EVERGLADES. Regulatory stage in WCA3A is about 10 inches below late May of last year, and about a foot below the 5-year average for late May. Slough water depths in southern 3A have dropped to a 1 ft depth. In comparison, slough water depths in northern 3A (north of I75) haven’t been that deep for 6 months (since December 2006), and have been dry since for the past 2 months (since mid March). Down in the Park, late May marks the traditional low-water mark for its sloughs. (The late-Summer high-water mark typically raises waters ~1.5 ft above late-May low). Stage in Shark River Slough at P33 is currently tracking just an inch or two below the 5-year late May average and last year’s late May level. Regulatory water levels in WCA1 and WCA2 are tracking 0.5 and 1 ft, respectively, below their 5-year late May average.
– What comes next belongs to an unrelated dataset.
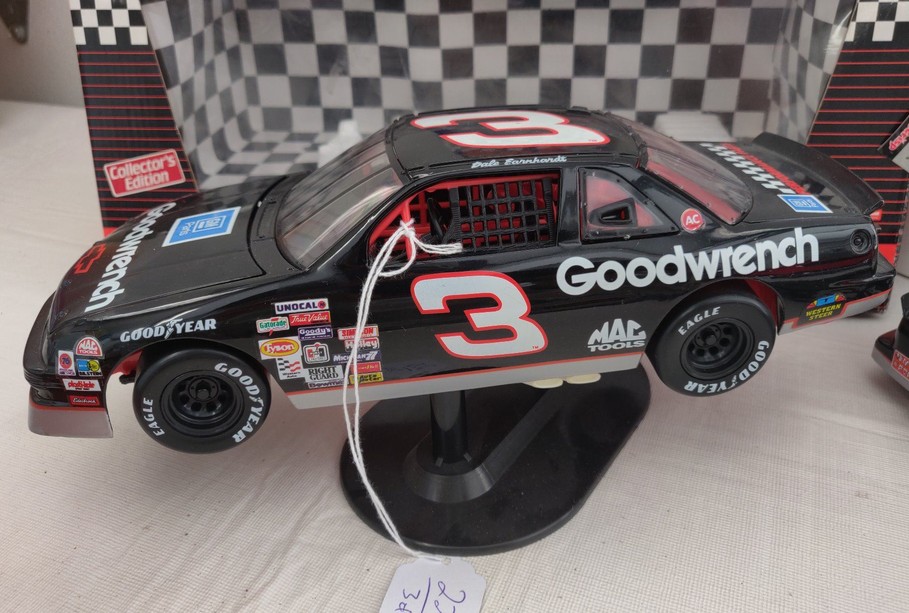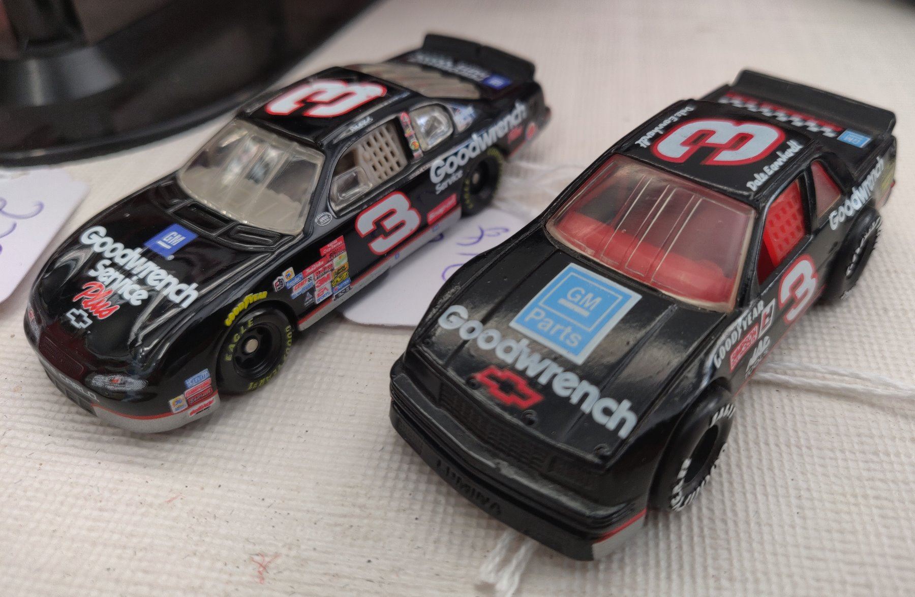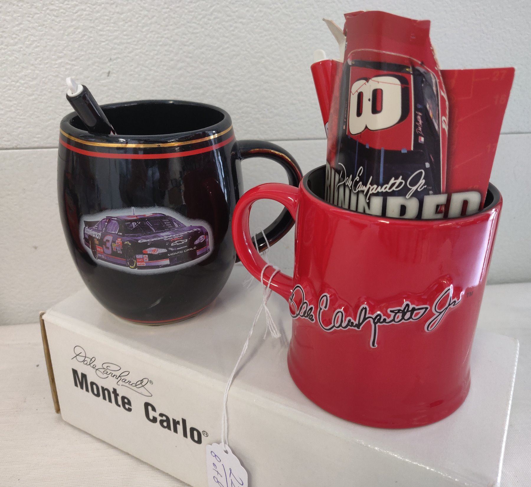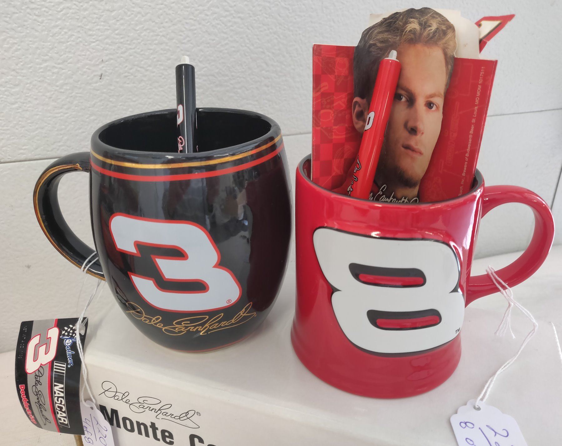 Dale Earnhardt Memorabilia Collection, modern items. Made of die cast metal, plastic, ceramic mugs, etc., the 2 largest toy models measure from 8 1/4" to 10 1/2" long. Included in lot are 2 models of Dale Earnhardt's #3 car, 2 smaller toy cars, a matchbox of 1000 matches, keychain, tire gauges and mugs with some original packaging. Shipping: $45.00 USA estimate only, w/insurance and signature, due to size and weight.

LAKE O. In summary, water levels in the preserve and park at their annual low-water marks, which means that conditions are dry, but from a hydrologic standpoint the drydown has not been severely low or prolonged. That coincides with both areas having recently received more rain in the area south of US41. The brunt of the rain deficit has been in the District’s northern half. Lake Okeechobee is currently tracking 3.7 ft below late May of last year, and 4.2 ft below its 5-year late May average. Such low lake levels have allowed for removal of physical removal of phosphorus-rich much at 6 sites along around 15 miles of the lake’s shoreline, and also led to a 2000 acre fire in the lake’s interior marsh. For a 19-month consecutive period from September 2004 to April 2006, Lake stage stayed above 14 ft msl, followed by 14 consecutive months (and running) of being under 14 ft msl. Its been feast or famine with the Lake since the turn of the new millenium: three consecutive years (2003-2005) with >17 ft msl lake stages and 2 season with historic plunges below 9 ft msl.

CORRECTION FROM TWO WEEKS AGO: I errorously wrote that “(f)orecasters are calling for an especially active hurricane season this year (producing up to 17 tropical storms and hurricanes), and formation of a La Nina condition that could stiffle summer rains.” La Nina condition, if it persists, into the winter could result in below normal dry-season rain totals; and has no relation to summer rain amounts.